We are all excited about working with this data. Selvfølgelig, even in the best of all cases, the images will never look as pretty as the computer simulations. Men, at least they will be real and whatever we see will be interesting in its own right.

To get even better images telescopes in Greenland and France are being added. Moreover, we have started raising funds for additional telescopes in Africa and perhaps elsewhere and we are even thinking about telescopes in space.

A 'photo' of a black hole

If we actually succeed in seeing an event horizon, we will know that the problems we have in rhyming quantum theory and general relativity are not abstract problems, but are very real. And we can point to them in the very real shadowy regions of black holes in a clearly marked region of our universe.

This is perhaps also the place where these problems will eventually be solved.

We could do this by obtaining sharper images of the shadow, or maybe by tracing stars and pulsars as they orbit around black holes, through measuring spacetime ripples as black holes merge, or as is most likely, by using all of the techniques that we now have, together, to probe black holes.

A once exotic concept is now a real working laboratory

As a student, I wondered what to study:particle physics or astrophysics? After reading many popular science articles, my impression was that particle physics had already reached its peak. This field had established an impressive standard model and was able to explain most of the forces and the particles governing our world.

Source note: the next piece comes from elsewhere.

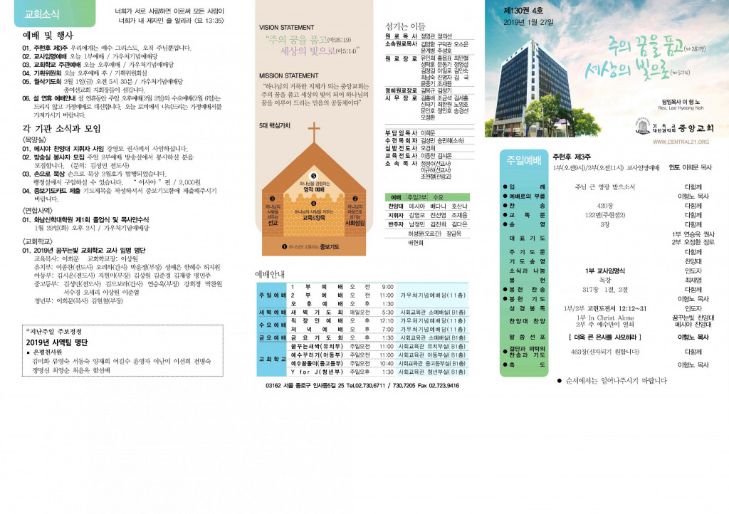 교회소식 교회소식주보 교회소식 주보 교회소식주보 2019년 1월 27일 주일주보 주보 2019-01-26 김성민 첨부파일 중앙교회_주보(2019)_thumnail.jpg 중앙새주보_190127_페이지_2.jpg 중앙새주보_190127_페이지_1.jpg 목록 이전 :: 2019년 1월 20일 주일... 2019년 2월 3일 주일... :: 다음

Astronomy though, had just started to explore the depths of a fascinating universe. There was still a lot to be discovered. And I wanted to discover something.

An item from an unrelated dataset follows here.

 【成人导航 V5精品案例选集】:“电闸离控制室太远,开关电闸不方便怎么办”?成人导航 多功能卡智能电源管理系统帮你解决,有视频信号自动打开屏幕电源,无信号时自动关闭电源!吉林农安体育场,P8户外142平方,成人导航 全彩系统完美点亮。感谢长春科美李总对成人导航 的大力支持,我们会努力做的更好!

Til sidst, I chose astrophysics as I wanted to understand gravity. And since you find the most extreme gravity near black holes, I decided to stay as close to them as possible.

I dag, what used to be an exotic concept when I started my studies, promises to become a very real and very much visible physics laboratory in the not too distant future.

This story is republished courtesy of ScienceNordic, the trusted source for English-language science news from the Nordic countries. Læs den originale historie her.